> **Problem requirements**: In the answer, give the entries below exactly, from the first line through the line with "Good sized single", with every picture omitted.

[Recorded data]
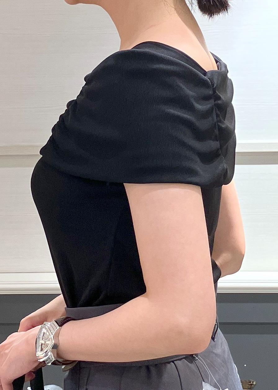 VISオフショルダーテレコカットソープルオーバーブラック / F¥4,389レビュー骨格ストレートで腕周りが気になる体型ですが、気になる二の腕をスッキリ見せてくれるので嬉しいです♡
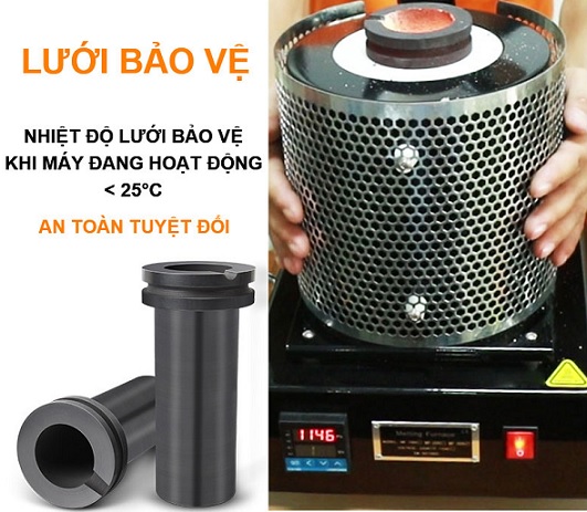 - Lò nấu vàng trang bị lưới bảo vệ, nhiệt độ khi máy hoạt động chỉ dưới 25 độ C nên không sợ bị bỏng.
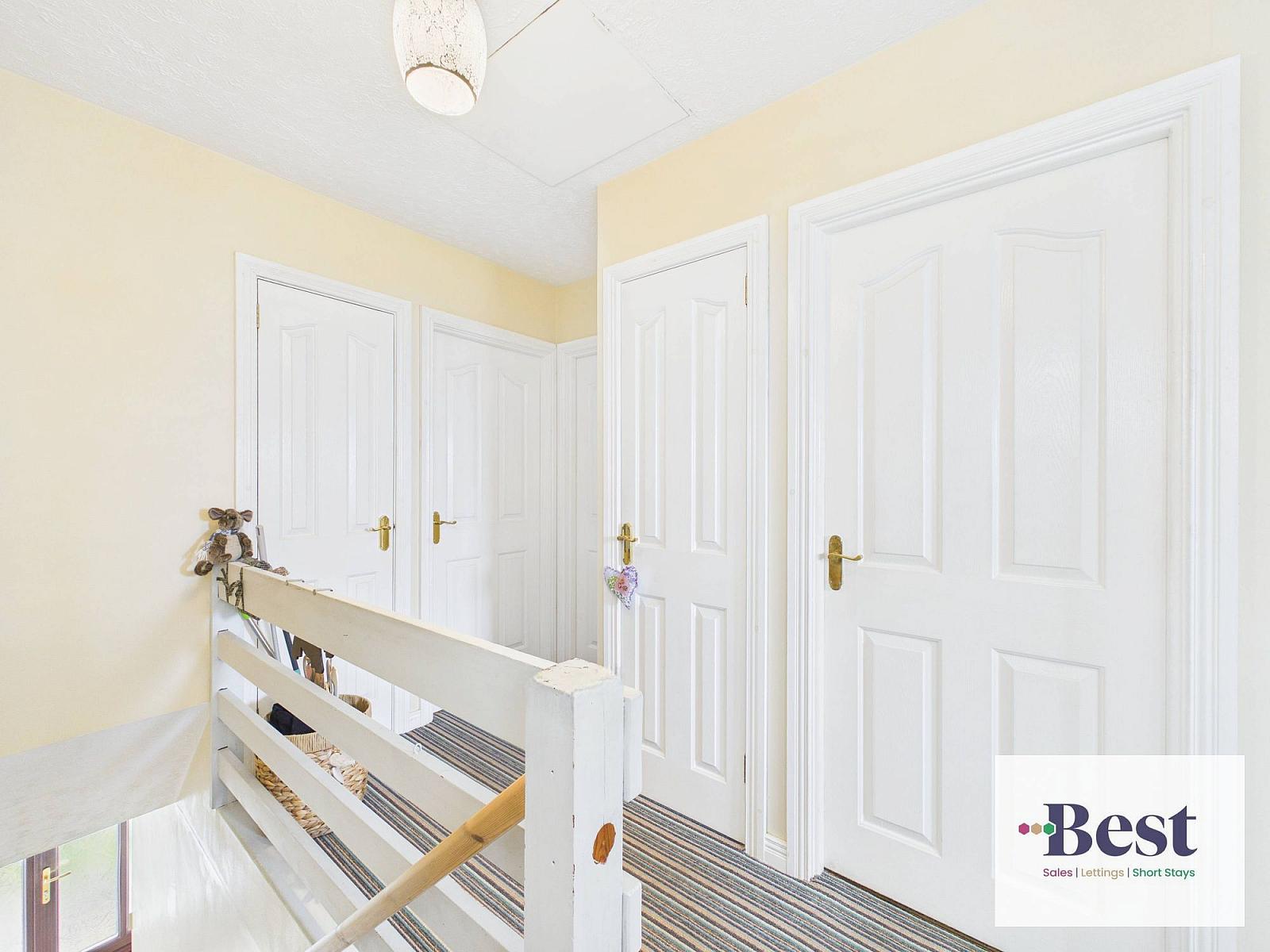 Good sized single room with wood effect flooring and integrated storage cupboard above stair box.
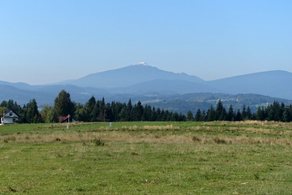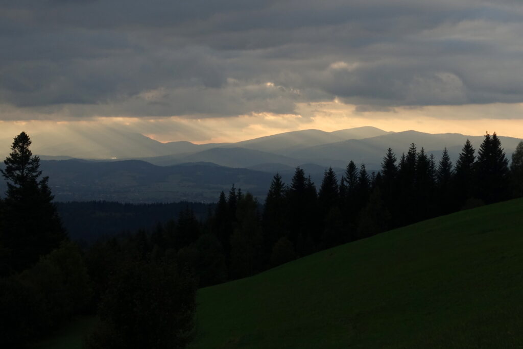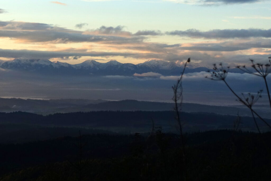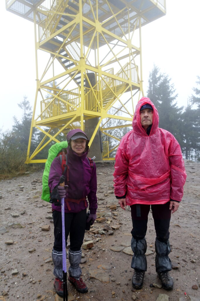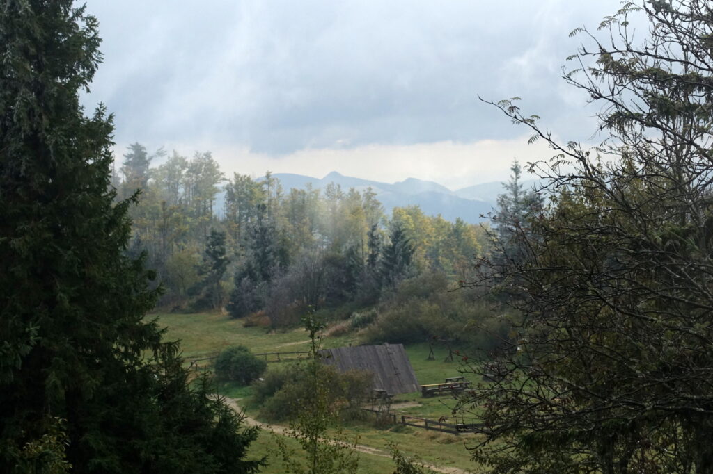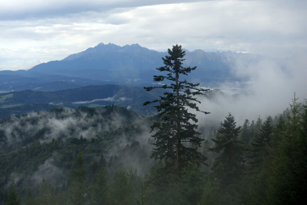 Na Przehybie po porannym deszczu chmury się nieco rozstąpiły, odsłaniając Tatry na horyzoncie. Był to jeden z nielicznych widoków tego pochmurnego i deszczowego przełomu lata i jesieni. Większość wież widokowych na trasie tonęła w chmurach i mgle, więc zwykle przechodziliśmy obok, nie korzystając z tej atrakcji.
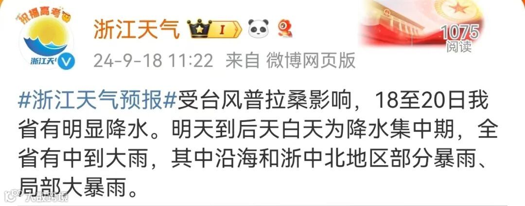 据@浙江天气 最新消息,受台风“普拉桑”影响,18至20日,浙江有明显降水。明天到后天白天为降水集中期,全省有中到大雨,其中沿海和浙中北地区部分暴雨、局部大暴雨。
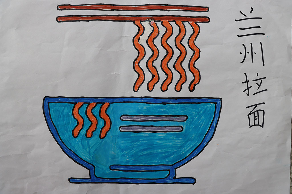 我画的是代表兰州的著名小吃—兰州拉面,兰州拉面有独特的风味和丰富的营养深受人们喜爱,它源于中国西北地区的兰州市,拥有悠久的历史和独特的制作工艺。 虽然我的画很简单,但我是甘肃人,所以我画兰州牛肉面。
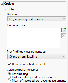 Use this widget to specify whether to plot the distribution of measurements from either the Electrocardiogram (EG), Laboratory (LB), or Vital Signs (VS) findings domains.

> **Solution**:
 VISオフショルダーテレコカットソープルオーバーブラック / F¥4,389レビュー骨格ストレートで腕周りが気になる体型ですが、気になる二の腕をスッキリ見せてくれるので嬉しいです♡
 - Lò nấu vàng trang bị lưới bảo vệ, nhiệt độ khi máy hoạt động chỉ dưới 25 độ C nên không sợ bị bỏng.
 Good sized single room with wood effect flooring and integrated storage cupboard above stair box.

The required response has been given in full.